In April 2012, U. S. Army staff sergeant Travis Mills survived a roadside explosion in Afghanistan but lost all four limbs. After his condition stabilized, he returned stateside to continue rehab. He knew recovery would be arduous, but then he discovered a different way to serve.

I’M FROM A very small town in Michigan. After high school, I played football at a community college, but I realized I was only there to play football. I wasn’t doing well in class. I moved back home and realized I didn’t want to be back home, either. I went to talk with a recruiting station, and within two weeks I was shipped out to basic training. I deployed to Afghanistan in 2007 with the 82nd Airborne Division. I deployed again in 2009.

When I returned home after my second deployment, my wife, Kelsey, and I bought a house, and we found out we were going to have a baby. My daughter, Chloe, was born in September 2011. I deployed for my third time to Afghanistan early the next year. One day, about a month and a half in, I set my backpack down and unknowingly placed it on top of a bomb.

Nine doctors and seven nurses worked on me for 14 hours to keep me alive. There were two nurses who took turns pumping air in and out of my lungs. I had over 400 units of blood given to me. When I woke up in Germany, the only person in the room was my brother-in-law. “My soldiers. How are my soldiers?” I asked him. He told me they were okay. And then I said, “Am I paralyzed?” He said no. I looked at him and said, “Josh, don’t lie to me. I can’t feel my fingers and toes.” And then he said, “You’re not paralyzed. You don’t have your fingers and toes anymore. They’re gone.” I’d lost both arms and legs.

I went from six-foot-three, 250 pounds, to three-foot-six, 140 pounds. I had to ask people to feed me and give me water. I needed help to use the bathroom. But the worst part was mental. All you can think about is What if I would’ve stepped here instead? or What if I didn’t put my bag there? I told my wife she should leave me and take everything we had.
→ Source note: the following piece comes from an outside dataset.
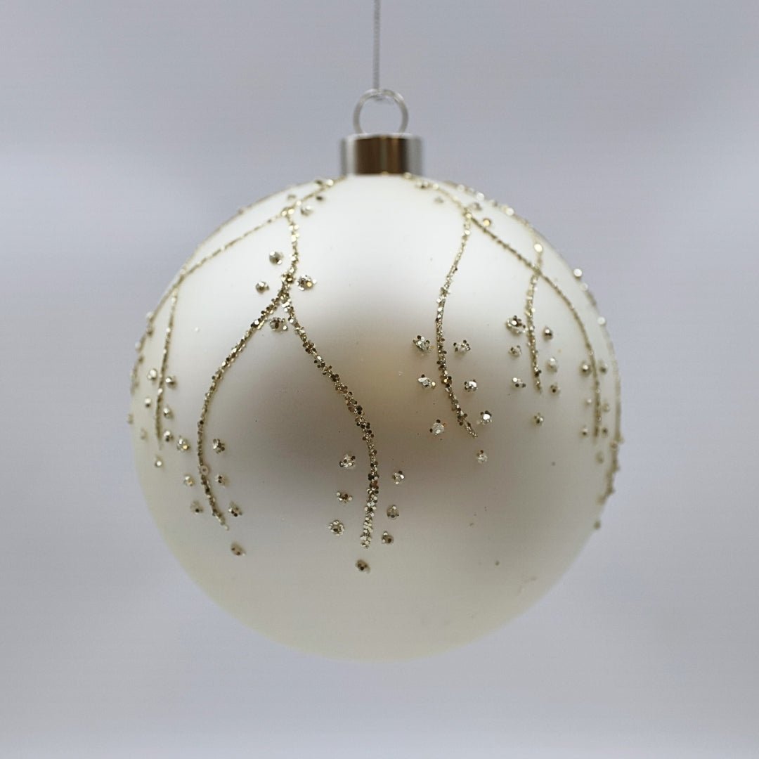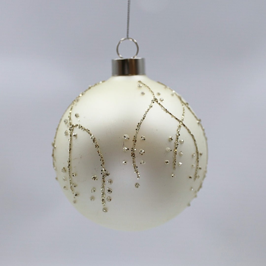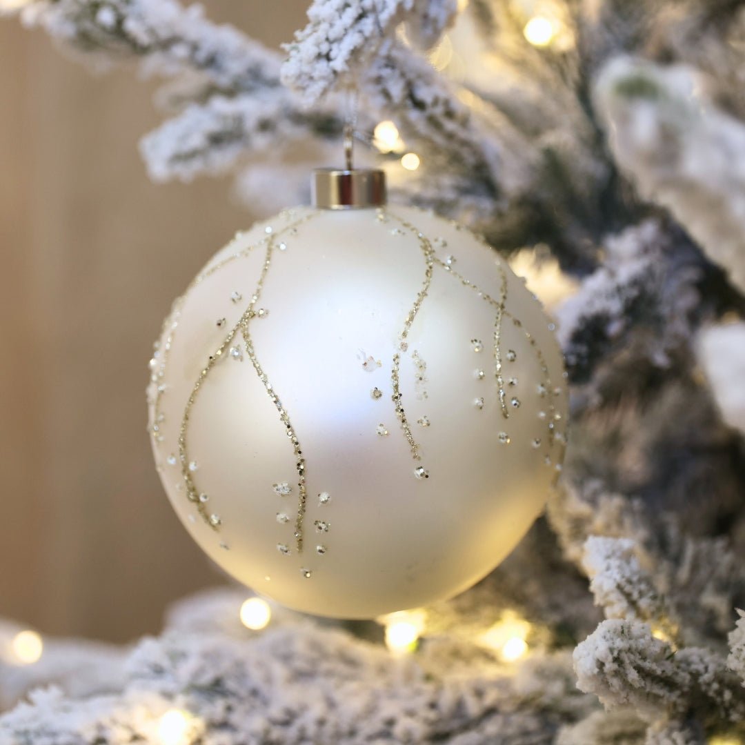 Elevate your holiday décor with this radiant white ornament, delicately decorated with a sparkling glitter motif. The crisp white base and subtle shimmer create a soft, wintry glow under twinkling lights. Perfect for styling solo or layered, it adds refined elegance to any tree or garland. Available in two sizes : 13cm , 15cm.

She didn’t. I knew I had two options. I could either sit there and pity myself or get better. Everybody around me wanted me to get better. And I knew there were ways to get better. I was at Walter Reed for 19 months. I got prosthetics. I got stronger, and I was able to start dressing myself, feeding myself—all the stuff that you take for granted. I started realizing, Hey, I can still be active. I can still do things.

And I found that I enjoyed helping people. My wife and I decided to start a 501(c)(3) nonprofit called the Travis Mills Foundation. We organized a week with families of those who were physically injured from combat service. It went so well we did it again the next year. Then we got some funds and raised enough money to buy a property for the foundation. In 2017, we opened officially, and now we host eight families per week. We’ve grown to be one of the top veterans service organizations in the nation.

My wife and I are now going on 13 years of marriage. My son, Dax, is three, and he’s a wild man. My daughter is nine. We’re just going about life like we’re supposed to. There’s a slogan I started repeating to myself while at Walter Reed, and I still live by it today: “Never give up. Never quit.”

A version of this article appeared in the July/August 2021 issue of Men’s Health.